Cumhuriyet tarihinde, içinde bulunduğumuz dönem dahil hiçbir dönemde, tutarlı bir göç politikası olmamıştır.
Öyle bir politika izlenseydi ve yürürlükte olsaydı, bugün İstanbul’da bir nüfus patlaması yaşanmazdı ve güzelim İstanbul beton kent durumuna gelmezdi.
Ayni durum İzmir, Ankara, Antalya, Mersin, Adana ve Gaziantep gibi her geçen gün büyüyen kentlerimiz için de geçerli.
Ve bu saydığım kentler, yanlış ve kayırmacı imar planları, ardından imar revizyon planları ile ve sağlıksız yapılaşmalarla beton yığınına dönmezdi.
Kapsamlı ve tutarlı bir göç politikamız olsaydı, daha neler olurdu?
Sosyal hizmet köylere kadar girer, köy boşalmaları önlenmiş olurdu.
Köylerden kentlere akın olmayınca tarım da bitmezdi.
Tarım ile ilgili teknolıjik araçların tarlalara, bağlara, bahçelere girmesiyle, tarımda söz sahibi bir ülke olurduk ve samanı bile dışardan ithal etmek zorunda kalmazdık.

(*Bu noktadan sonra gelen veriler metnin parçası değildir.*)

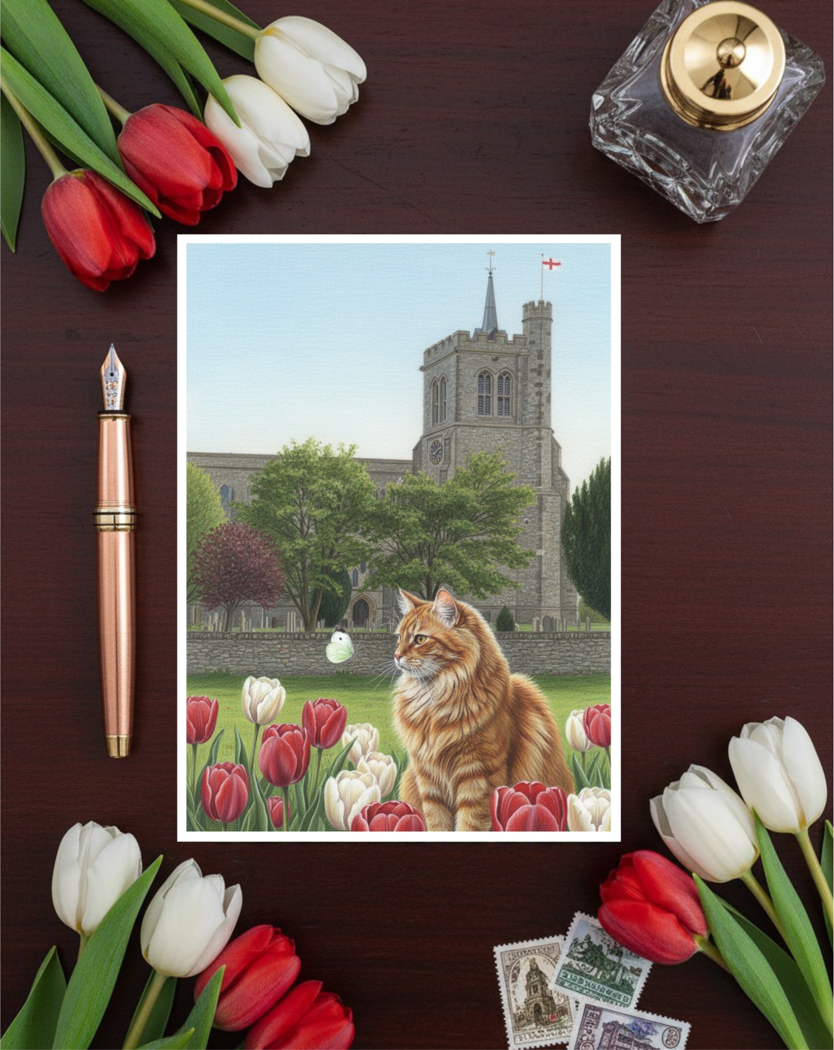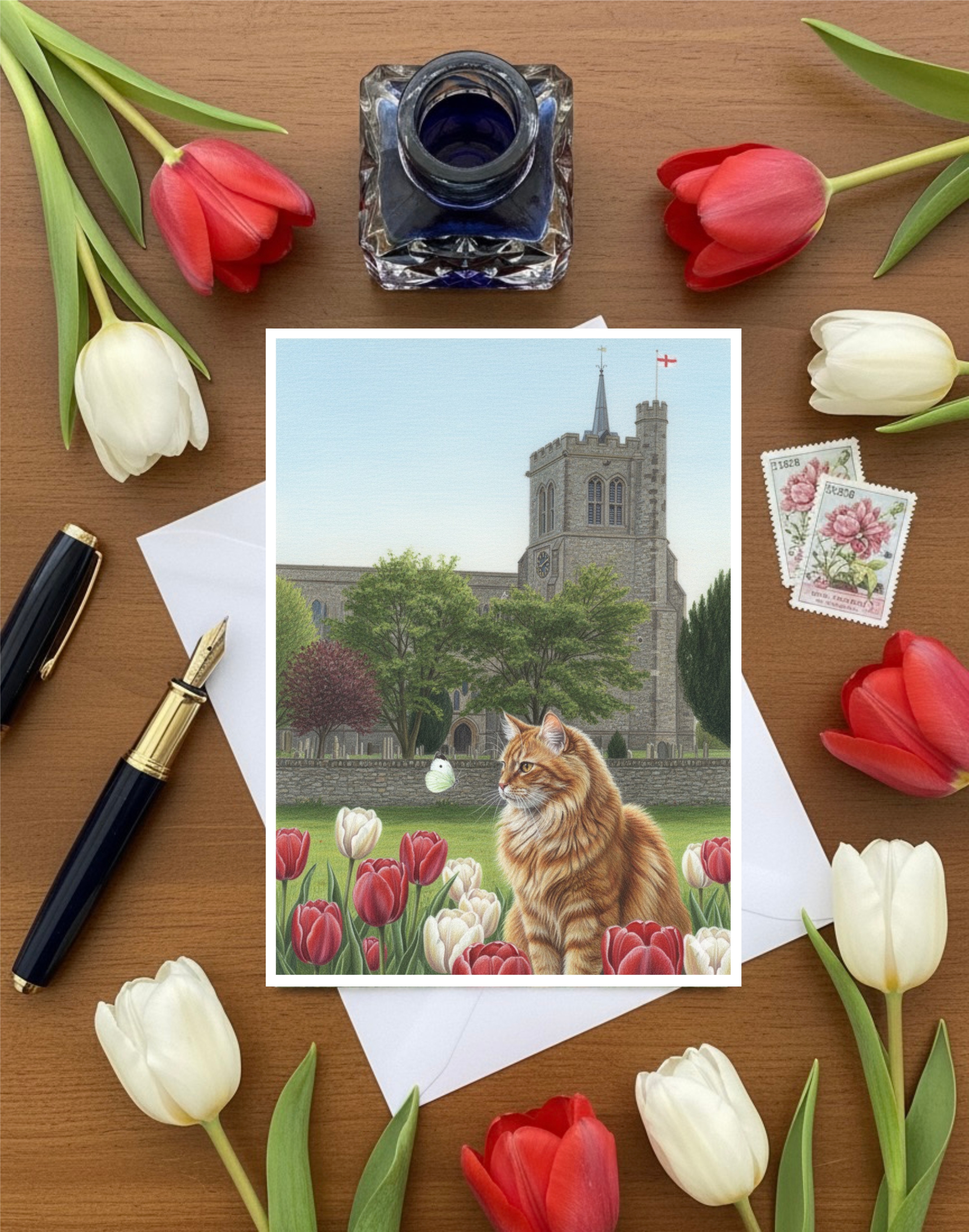 Elstow Abbey From The Distance, Elstow Green In Bedfordshire Greetings Card With Cat Detailed

Bu arada hayvancılık da gelişerek büyür ve dışardan canlı hayvan ya da dondurulmuş et almaya muhtaç duruma düşmez, yurt dışına canlı hayvan ve et ihraç eden bir ülke olurduk.
Anımsayacaksınız, Gaziantep’te canlı hayvan ihracatçıları birliği vardı ve yoğun bir biçimde çalışırdı.
X
Günümüzde cennet ülkemiz, başta Suriye olmak üzere, birçok ülkeden göç alıyor.
Kimileri kaçak geliyor kimileri yasal yollardan geliyor ve yerleşiyor.
Bu çarpık sığınmacı politikası ile kendi yurttaşımız, kendi yurdunda ikinci sınıf yurttaş konumuna düştü.
Bir türlü çözülemeyen bu sığınmacı politikasındaki çarpıklığın, ilerde başımıza daha çok işler açacağı bu günden belli değil mi?
O zaman İstanbul yaşanmaz oldu demeye kimsenin hakkı var mı?
Ankara, İzmir, Adana, Antalya, Gaziantep Mersin için yaşanmaz oldu demeye kimsenin hakkı var mı?
Adama, daha önceleri neredeydiniz derler, utandırırlar.
Tutarlı bir göç politikası olmazsa işte böyle olur.
Sanki her şeyimiz düzgün de ben göç politikamızın olmayışına taktım.
Kafama taktım da Allah aşkına söyleyin, haksız mıyım?...
X
Bugün Ayasofya’da VIP davetli Cuma namazı kılınacak.
Allah kabul etsin de tek sorunumuz bu muydu Allah aşkına?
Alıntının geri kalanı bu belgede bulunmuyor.